=== Dataset section ===
----------------
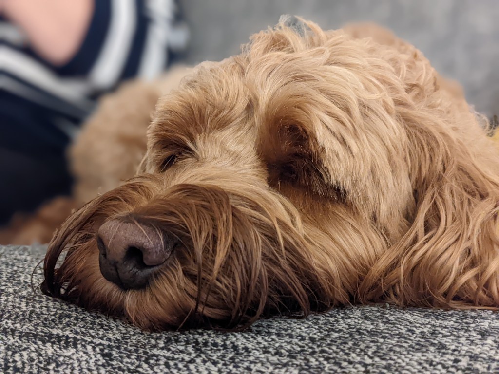 Debbie has taken Jimmy on a variety of walking routes around Derbyshire where Jimmy can explore and socialise and generally get tired out! After his walks, he’s super chilled and content.
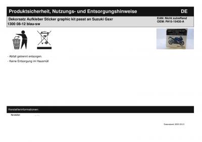 | Titel: | Dekorsatz Aufkleber Sticker graphic kit passt an Suzuki Gsxr 1300 08-12 blau-sw |
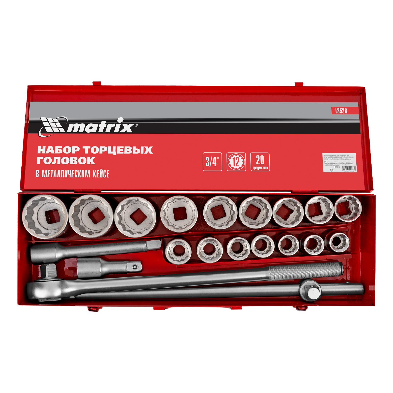 Набор торцевых головок 3/4", головки 19 х 50 мм, 20 предметов, в метал. боксе Matrix в Воронеже
----------------
=== Task brief ===
Apart from the pictures, the whole listing should be reproduced exactly.

=== Reply ===
 Debbie has taken Jimmy on a variety of walking routes around Derbyshire where Jimmy can explore and socialise and generally get tired out! After his walks, he’s super chilled and content.
 | Titel: | Dekorsatz Aufkleber Sticker graphic kit passt an Suzuki Gsxr 1300 08-12 blau-sw |
 Набор торцевых головок 3/4", головки 19 х 50 мм, 20 предметов, в метал. боксе Matrix в Воронеже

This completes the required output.